11. \( \frac{1}{3}+\frac{5}{6}-\frac{7}{12} \) 12. \( \frac{3}{8}-\frac{1}{4}+\frac{5}{16} \) 13. \( \frac{4}{9}+\frac{2}{3}-\frac{5}{18} \) 14. \( \frac{5}{7}-\frac{2}{14}+\frac{3}{28} \) 15. \( \frac{2}{5}+\frac{3}{10}-\frac{1}{20} \) 16. \( \frac{7}{12}-\frac{1}{6}+\frac{5}{24} \) 17. \( \frac{3}{5}+\frac{7}{10}-\frac{9}{20} \) 18. \( \frac{5}{8}-\frac{1}{4}+\frac{3}{16} \) 19. \( \frac{4}{15}+\frac{2}{5}-\frac{7}{30} \) 20. \( \frac{9}{14}-\frac{3}{7}+\frac{5}{28} \)
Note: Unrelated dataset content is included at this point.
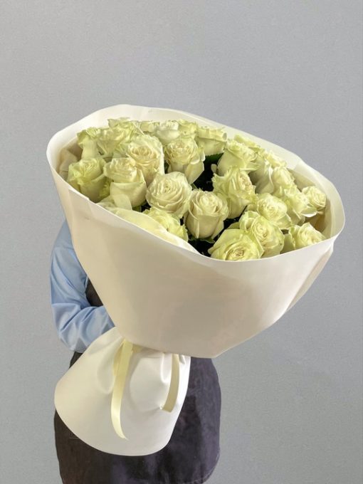 Букет из 29 белых роз 60см🌹 В составе: Роза Эквадор белая 35 шт Упаковка В подарок: – Дизайнерская упаковка – Инструкция по уходу – Средство для продления жизни цветов 2 шт 🌷 Экспресс-доставка 🌷 Кешбэк от суммы заказа 🌷 Открытка в подарок 🌷 Фотоотчет перед отправкой

To tackle the addition and subtraction of fractions, it helps to first find a common denominator, which allows for easy combining of the numerators. For instance, in the first problem, the denominators are 3, 6, and 12; the least common multiple (LCM) is 12. By converting each fraction to have the same denominator, you can combine them seamlessly and simplify the final result! When working with fractions, a common mistake is forgetting to adjust all fractions to the common denominator before combining them. Always double-check your calculations, especially when reducing fractions afterward, as it's easy to misplace a number or overlook simplification steps. An effective strategy is to write the entire equation out step-by-step to minimize errors!